Take the case of 17-year-old Neel (name changed to protect identity). He reported feelings of self-doubt, saying that it was becoming difficult for him to express himself fully due to the constant condescension suffered at the hands of his girlfriend, a year older.
When the researchers asked the respondents how common situations in which "the partner will not let them do things with other people such as talking, going out with them, making friends, etc, were, 25 per cent responded saying 'rarely', 12 per cent said 'sometimes' and 19 per cent said 'often'. A high 28 per cent said 'often' when asked how regularly would a partner blame them for bad things happening in the abuser's life. Controlling and possessive behaviour were reported as often in 17 per cent cases and sometimes in 28 per cent cases.
Social media has also played havoc in the young dating life with nasty posts about partners becoming an increasing form of abuse. Clinical psychologist Hvovi Bhagwagar says she even sees instances in which youngsters shun their partners if the other has so much as more likes for a post than theirs on social media.

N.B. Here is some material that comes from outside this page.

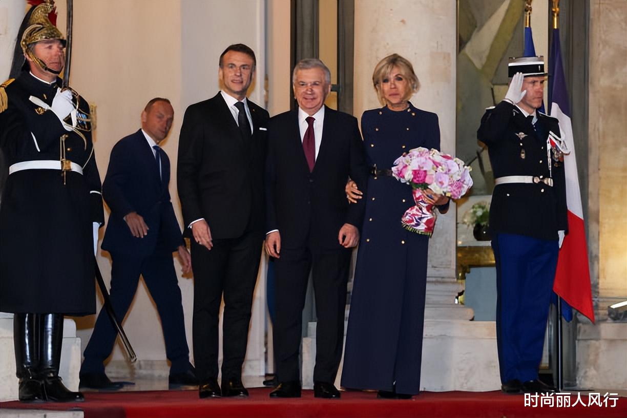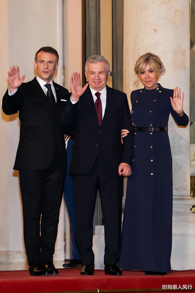布丽吉特欢迎乌兹别克斯坦总统美翻!穿高开叉裙,挽着马克龙真甜

Dr Seema Hingoranny, Psychologist
Reaching out for help
According to the report, when the participants were asked about the causes for abuse/violence in a relationship, the following reasons were obtained: a) abusers believe they have the right to behave that way [68% of the early adults believed so]; b) abusers think they are entitled to all of their partners' attention, affection, loyalty and time [48% of early adults]; c) abuser is depressed, anxious or themselves traumatised [late adolescent (58%); early adults (46%)]; d) abuser witnesses or experiences abuse/violence at home [ late adolescent (54%); early adults (46%)].
Dr Zirak Marker, child and adolescent psychiatrist and advisor at Mpower, says, "Incidents of abuse in dating, more or less depend on substance abuse, which has become common among teenagers. This abuse does lead to a change of personality, which then could pave the way to emotions such as possessiveness about the partner, being obsessive about the relationship, suspicion, jealousy and impulsiveness among others. We have observed impulsive suicide attempts, cutting marks on hands, carving names of their partners on the body, etc."

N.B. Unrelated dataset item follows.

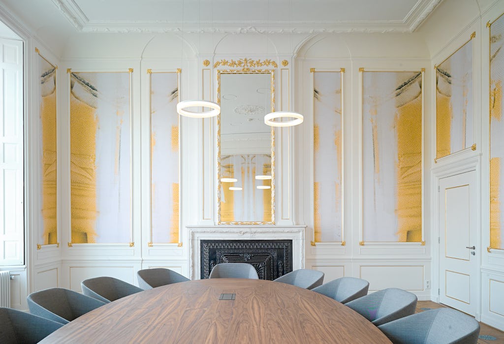 In de grote stijlkamer ondersteund de frisse heldere sfeer het goed bestuur: 'Buon Governo'. De meubels in de grote stijlkamer zijn samen met interieurontwerper Mart Marcus minimalistisch ontworpen voor een ingetogen bestuurlijke ambiance.

Those suffering in such relationships said they were scared of divulging details, afraid that their family and friends wouldn't understand, and worse, they were afraid of the abuser's reaction. What the group from Nirmala Niketan found shocking was that the victim continued to care about the abuser "hoping that s/he would be able to change the abuser's behaviour". They would also often blame themselves for the situation. The resultant feelings of loneliness (56%) within the relationship and suicidal feeling (72%) were high. While the respondents would still consult friends in such cases, parents and adults were rarely, if ever, reached out to.
Dr Kamini Rege, head, department of human development at Nirmala Niketan, says, "The findings of the research are a compelling call for help from an overwhelming majority of teens who state that physical and verbal abuse is a serious issue for their generation. Early prevention programmes, which would involve talking to teenagers more openly and engaging with them to understand what's happening in their life so that intervention can occur at an early stage, may be beneficial at the middle school level, ensuring these students establish an early knowledge base, allowing them to form better and healthy dating relationships." She adds that prevention programmes could be modified to incorporate parent education. "Parents are highly influential in an adolescent's development and can be an excellent source of teen dating prevention."
Psychologist Dr Seema Hingorany explains that in the early adult stage, emotional maturity is not well-developed. "Most teenagers are dating because their peers are. In most cases, they look for validation from their dating partners and when it is lost, their self-esteem drops. This leads to psychological effects such as staying aloof, losing interest in things and, in some cases, even self-harm."